*** The records ***
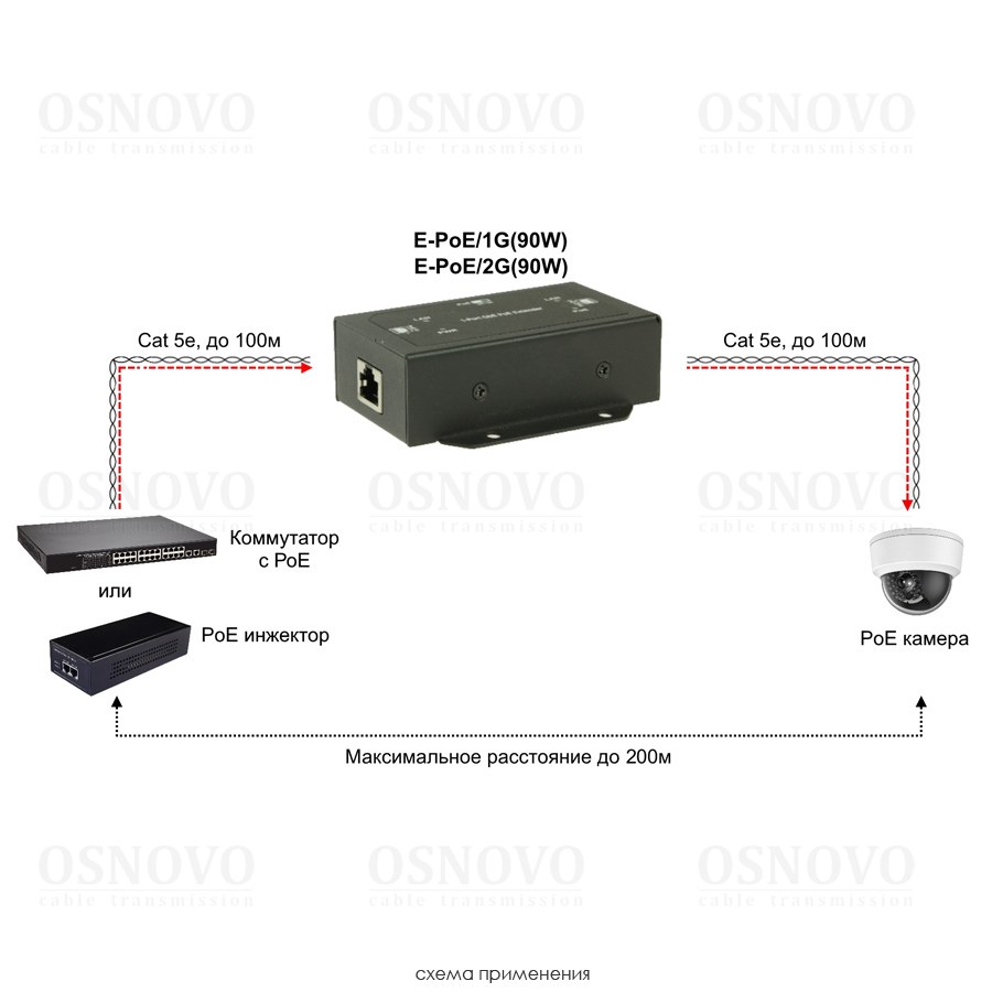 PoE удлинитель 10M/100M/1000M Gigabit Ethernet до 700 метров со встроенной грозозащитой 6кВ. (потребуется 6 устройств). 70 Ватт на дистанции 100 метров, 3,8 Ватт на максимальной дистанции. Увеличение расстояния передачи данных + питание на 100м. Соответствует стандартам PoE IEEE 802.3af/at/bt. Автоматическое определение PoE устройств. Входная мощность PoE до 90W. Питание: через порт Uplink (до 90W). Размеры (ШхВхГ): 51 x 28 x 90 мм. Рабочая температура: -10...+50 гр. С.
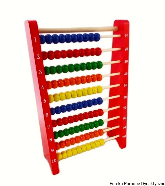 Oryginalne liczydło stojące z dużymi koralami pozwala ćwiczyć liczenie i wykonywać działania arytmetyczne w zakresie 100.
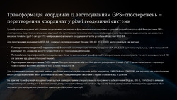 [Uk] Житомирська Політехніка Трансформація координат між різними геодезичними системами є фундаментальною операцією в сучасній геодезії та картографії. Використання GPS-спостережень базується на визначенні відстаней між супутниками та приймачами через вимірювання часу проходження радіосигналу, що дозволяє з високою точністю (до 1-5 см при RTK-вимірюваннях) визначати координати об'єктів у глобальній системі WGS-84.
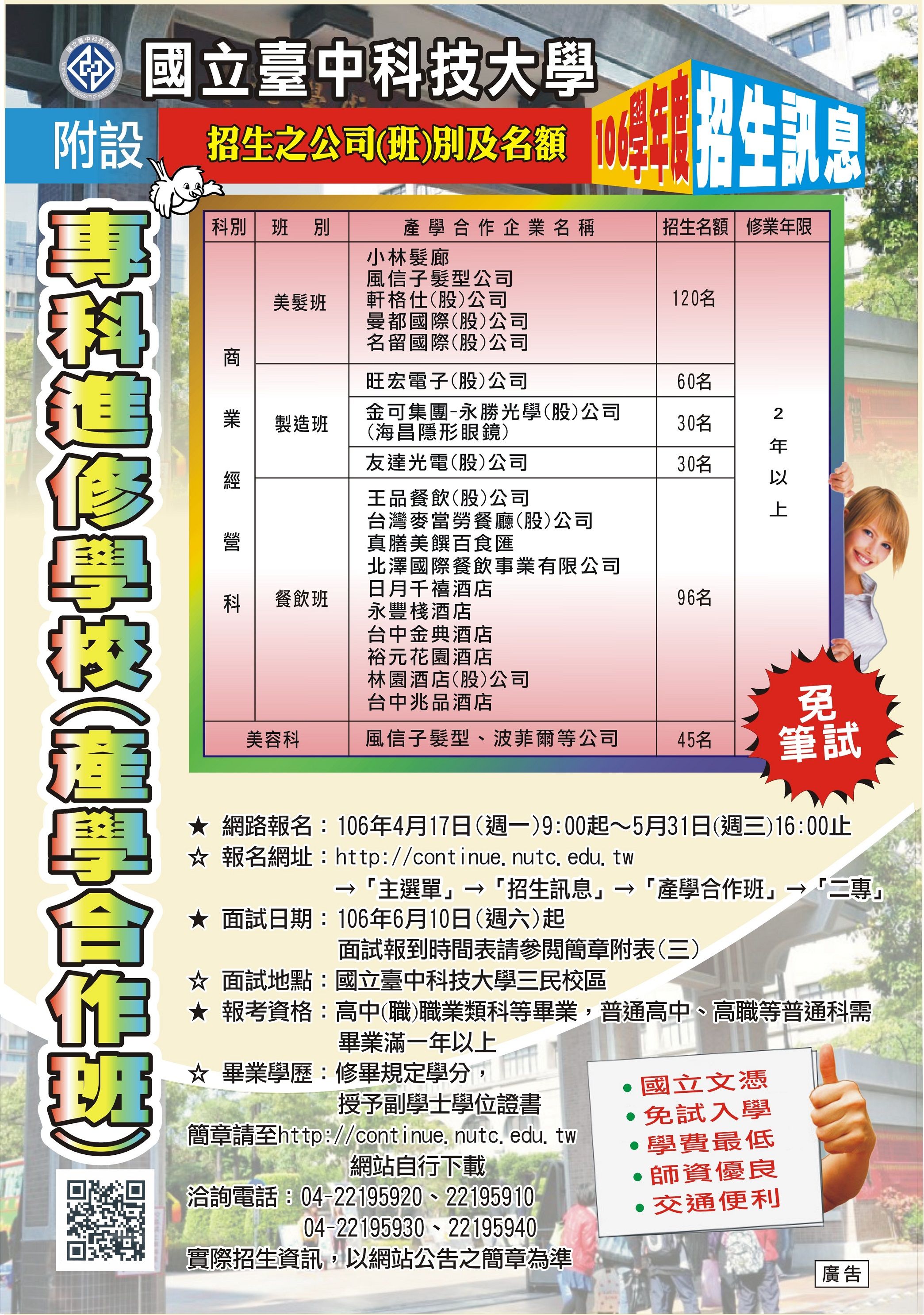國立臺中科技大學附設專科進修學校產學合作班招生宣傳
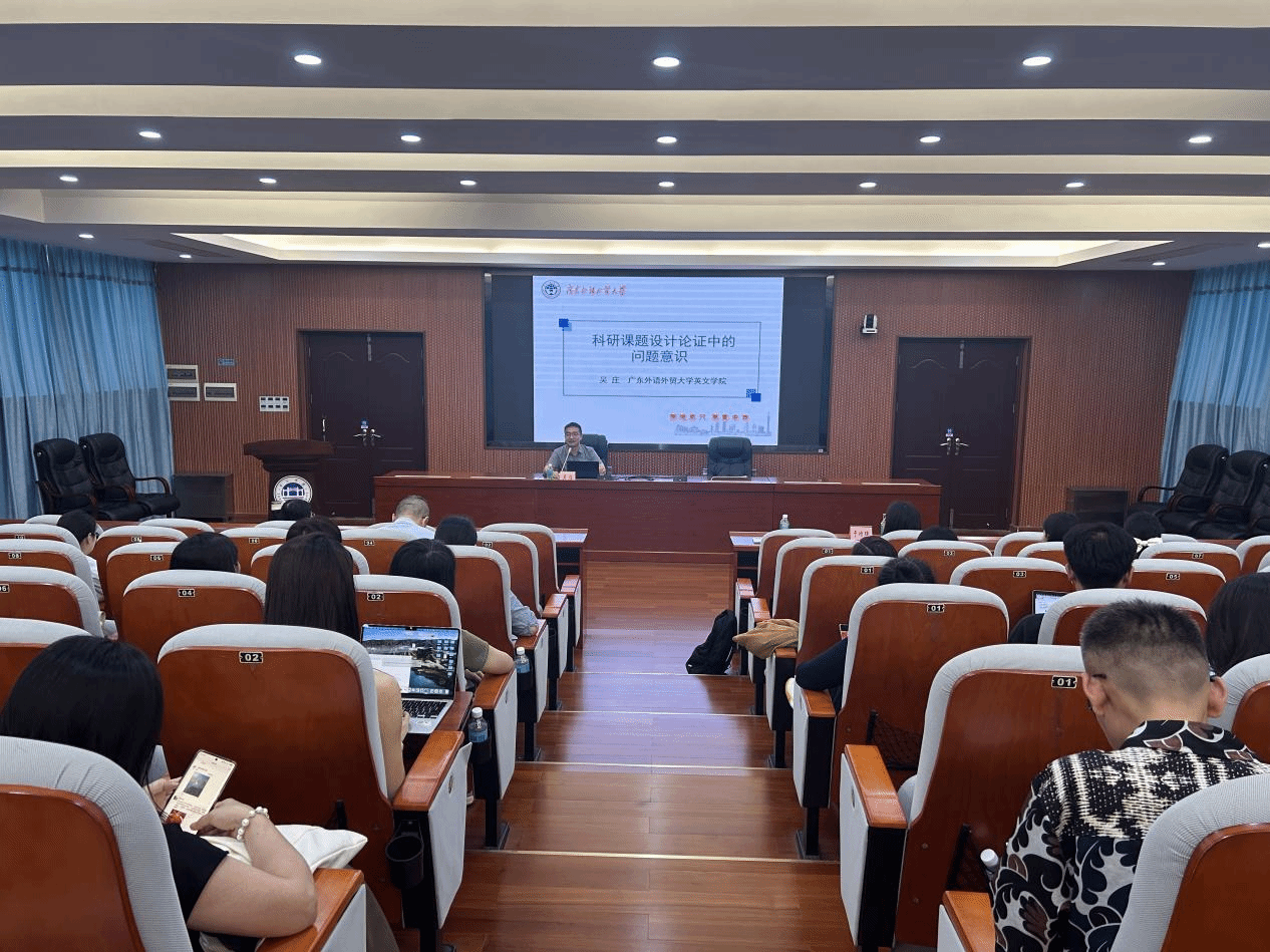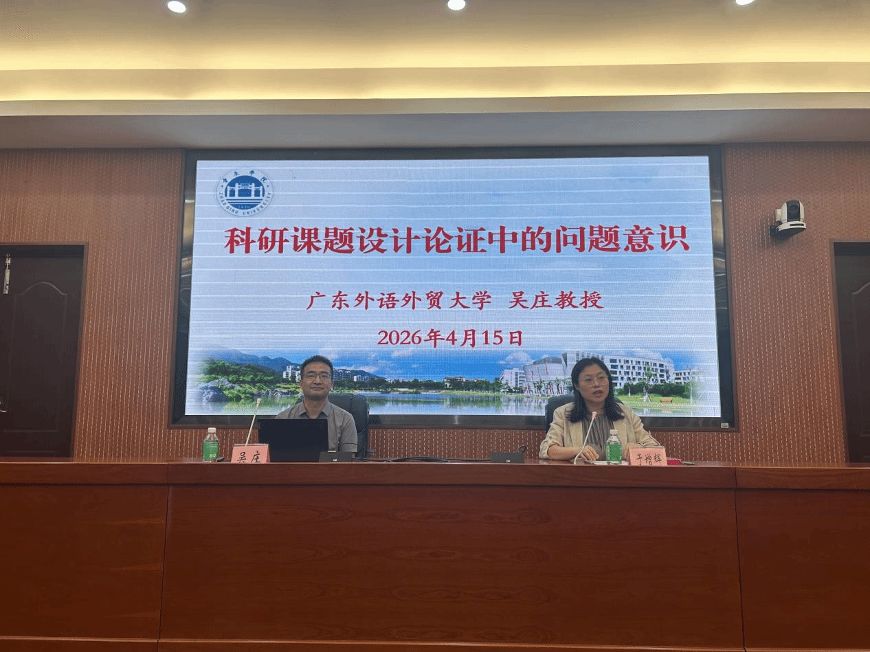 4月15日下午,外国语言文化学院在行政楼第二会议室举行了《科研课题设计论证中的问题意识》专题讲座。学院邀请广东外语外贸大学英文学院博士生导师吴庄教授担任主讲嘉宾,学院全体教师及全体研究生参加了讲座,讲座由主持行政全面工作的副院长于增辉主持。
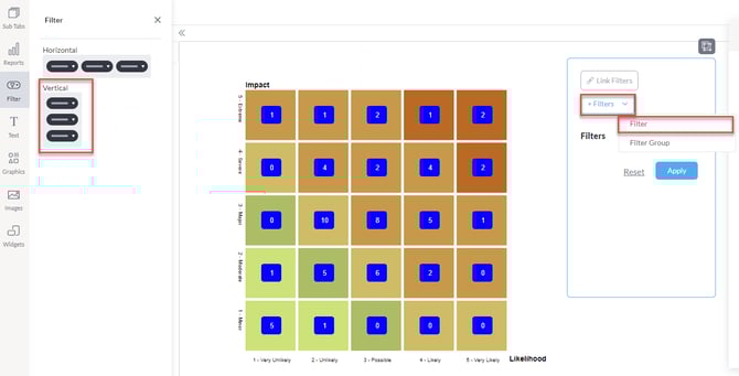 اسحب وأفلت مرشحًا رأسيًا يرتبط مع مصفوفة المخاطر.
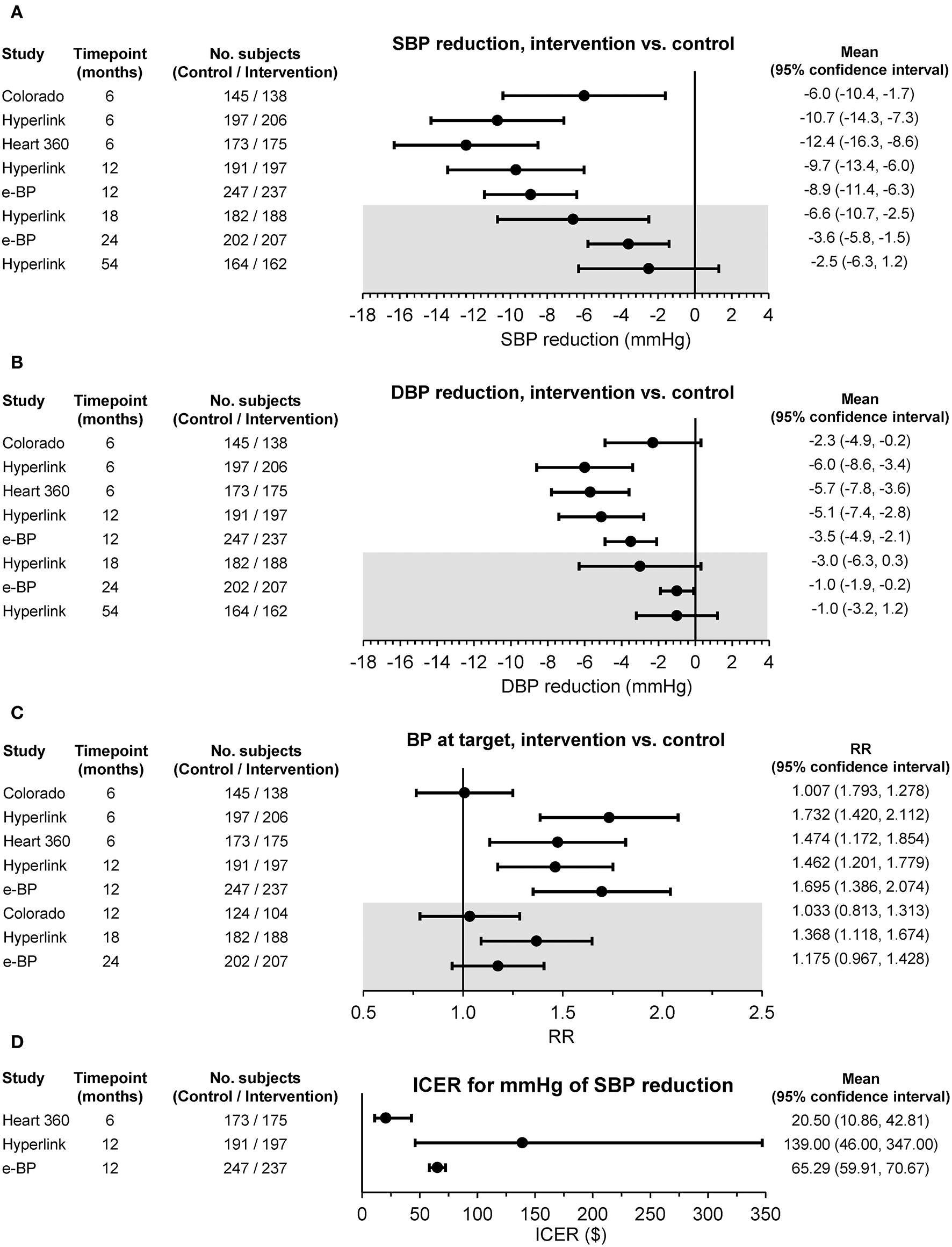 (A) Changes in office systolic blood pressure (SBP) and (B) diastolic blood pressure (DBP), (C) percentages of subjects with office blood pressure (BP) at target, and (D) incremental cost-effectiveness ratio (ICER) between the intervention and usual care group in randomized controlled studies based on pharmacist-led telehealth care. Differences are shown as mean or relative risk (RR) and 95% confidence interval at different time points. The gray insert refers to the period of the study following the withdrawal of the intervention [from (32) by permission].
*** End of The records ***
Exercise goal
From the first line of the entries above through the line with "Oryginalne liczydło stojące", set down each line exactly and drop the pictures.

Reply
 PoE удлинитель 10M/100M/1000M Gigabit Ethernet до 700 метров со встроенной грозозащитой 6кВ. (потребуется 6 устройств). 70 Ватт на дистанции 100 метров, 3,8 Ватт на максимальной дистанции. Увеличение расстояния передачи данных + питание на 100м. Соответствует стандартам PoE IEEE 802.3af/at/bt. Автоматическое определение PoE устройств. Входная мощность PoE до 90W. Питание: через порт Uplink (до 90W). Размеры (ШхВхГ): 51 x 28 x 90 мм. Рабочая температура: -10...+50 гр. С.
 Oryginalne liczydło stojące z dużymi koralami pozwala ćwiczyć liczenie i wykonywać działania arytmetyczne w zakresie 100.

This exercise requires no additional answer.